__What you have to do__. For this exercise, write out only the lines of the entries below from the one with "Der Esla Doppelroller ermöglicht" up to and including the one with "Un lien direct", exactly as they are. Pictures stay out.

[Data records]

• • • • •

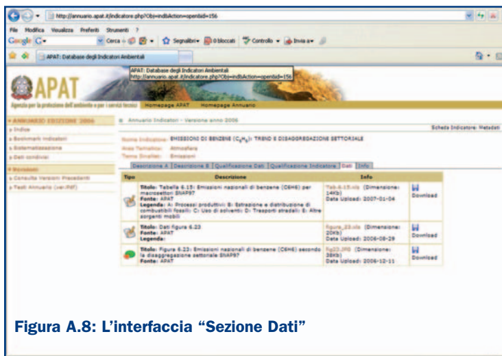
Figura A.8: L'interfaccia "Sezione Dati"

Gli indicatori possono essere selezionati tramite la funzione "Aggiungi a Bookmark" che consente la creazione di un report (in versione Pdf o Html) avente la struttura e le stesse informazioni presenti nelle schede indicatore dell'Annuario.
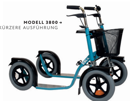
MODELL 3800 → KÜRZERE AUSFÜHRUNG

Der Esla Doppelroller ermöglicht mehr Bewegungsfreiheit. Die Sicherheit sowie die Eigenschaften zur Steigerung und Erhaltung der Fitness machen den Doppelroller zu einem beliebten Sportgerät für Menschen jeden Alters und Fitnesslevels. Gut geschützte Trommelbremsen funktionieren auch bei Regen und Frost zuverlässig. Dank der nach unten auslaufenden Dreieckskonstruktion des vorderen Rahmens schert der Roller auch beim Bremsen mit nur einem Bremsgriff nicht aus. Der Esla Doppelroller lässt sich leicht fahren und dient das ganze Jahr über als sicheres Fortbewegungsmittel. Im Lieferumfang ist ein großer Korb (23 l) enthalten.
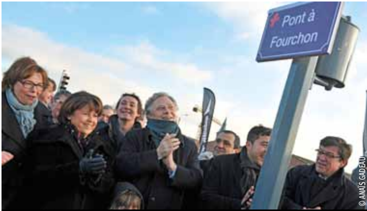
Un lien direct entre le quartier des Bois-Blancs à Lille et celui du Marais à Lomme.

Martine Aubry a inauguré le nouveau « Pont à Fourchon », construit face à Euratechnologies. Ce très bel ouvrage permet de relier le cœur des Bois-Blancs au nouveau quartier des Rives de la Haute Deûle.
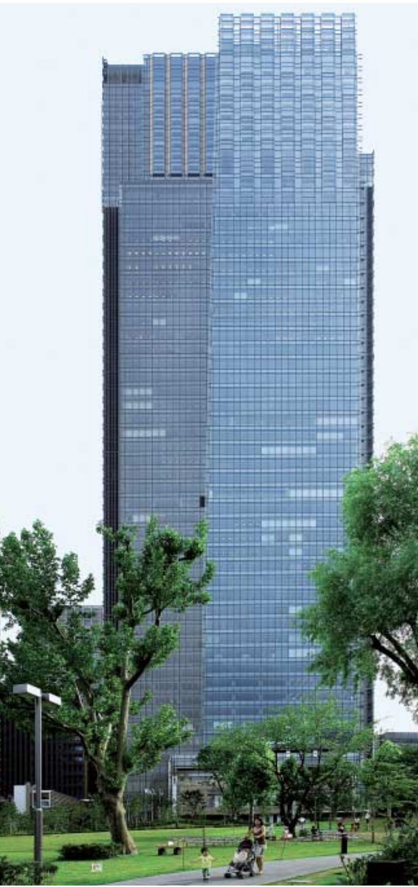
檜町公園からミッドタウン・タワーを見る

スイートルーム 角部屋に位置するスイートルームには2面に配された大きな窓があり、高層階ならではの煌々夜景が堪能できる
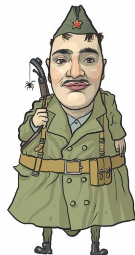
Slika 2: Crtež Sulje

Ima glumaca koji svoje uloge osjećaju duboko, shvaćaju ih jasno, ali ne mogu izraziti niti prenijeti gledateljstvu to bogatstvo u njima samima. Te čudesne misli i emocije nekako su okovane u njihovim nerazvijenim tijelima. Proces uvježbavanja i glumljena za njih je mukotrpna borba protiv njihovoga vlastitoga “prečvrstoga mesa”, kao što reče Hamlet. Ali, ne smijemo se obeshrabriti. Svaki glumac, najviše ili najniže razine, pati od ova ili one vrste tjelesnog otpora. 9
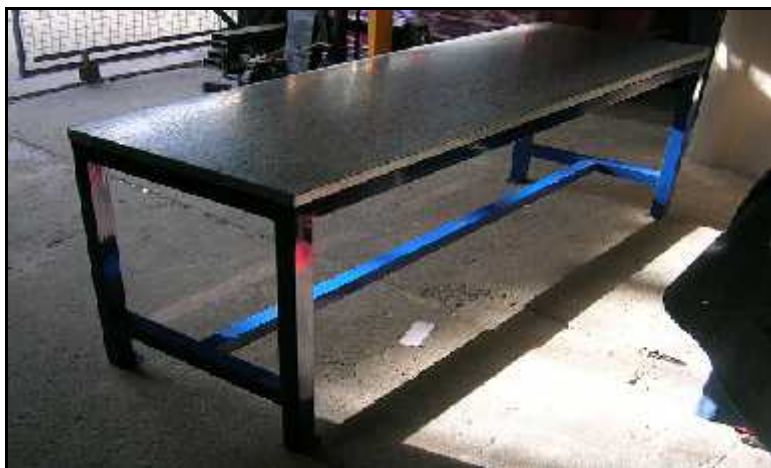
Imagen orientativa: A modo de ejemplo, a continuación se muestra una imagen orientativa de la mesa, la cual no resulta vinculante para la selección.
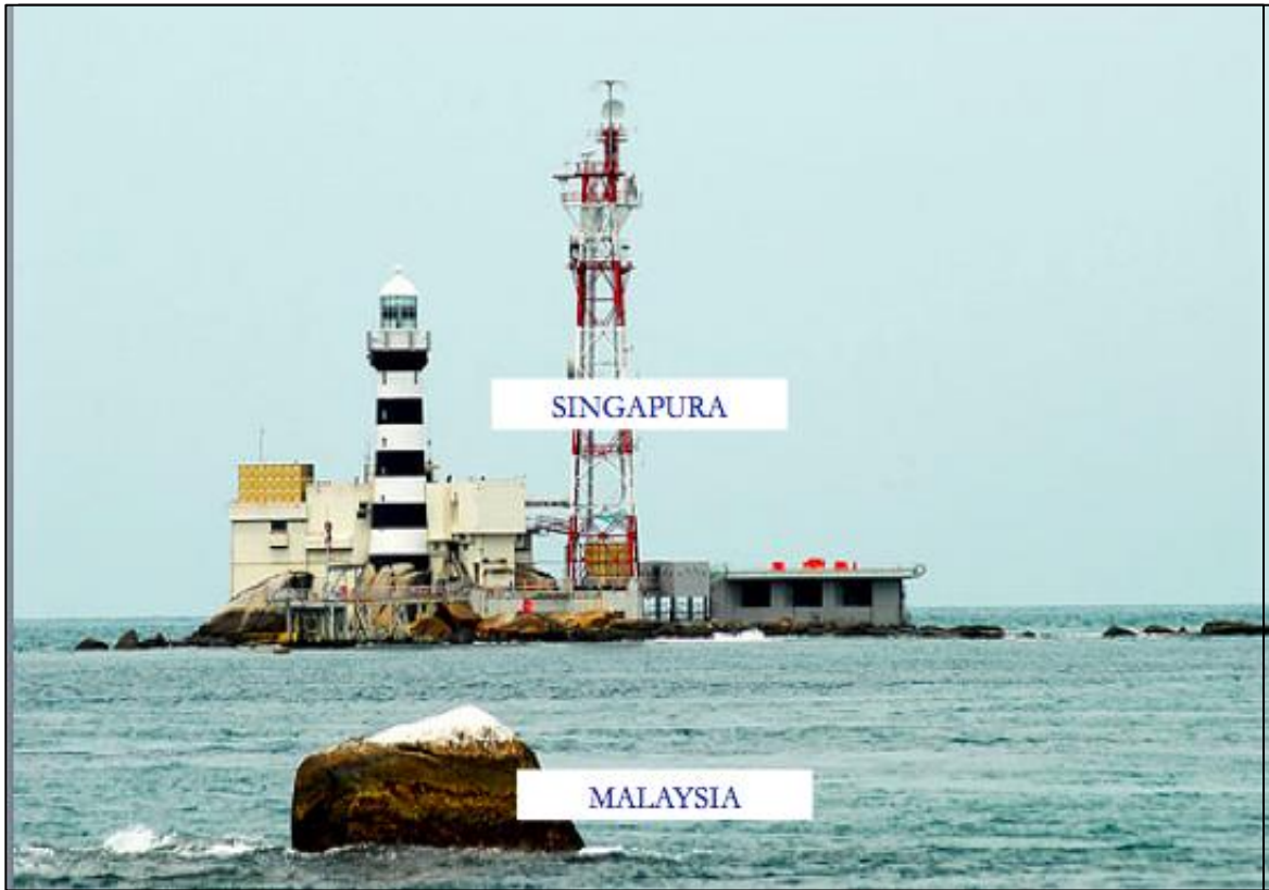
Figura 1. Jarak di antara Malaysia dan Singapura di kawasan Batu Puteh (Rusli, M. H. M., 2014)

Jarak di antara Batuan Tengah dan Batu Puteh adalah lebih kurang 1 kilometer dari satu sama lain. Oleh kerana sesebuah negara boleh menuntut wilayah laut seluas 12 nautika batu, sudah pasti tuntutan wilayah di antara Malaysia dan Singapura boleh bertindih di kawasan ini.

• • • • •

__Response box__.
Der Esla Doppelroller ermöglicht mehr Bewegungsfreiheit. Die Sicherheit sowie die Eigenschaften zur Steigerung und Erhaltung der Fitness machen den Doppelroller zu einem beliebten Sportgerät für Menschen jeden Alters und Fitnesslevels. Gut geschützte Trommelbremsen funktionieren auch bei Regen und Frost zuverlässig. Dank der nach unten auslaufenden Dreieckskonstruktion des vorderen Rahmens schert der Roller auch beim Bremsen mit nur einem Bremsgriff nicht aus. Der Esla Doppelroller lässt sich leicht fahren und dient das ganze Jahr über als sicheres Fortbewegungsmittel. Im Lieferumfang ist ein großer Korb (23 l) enthalten.
Un lien direct entre le quartier des Bois-Blancs à Lille et celui du Marais à Lomme.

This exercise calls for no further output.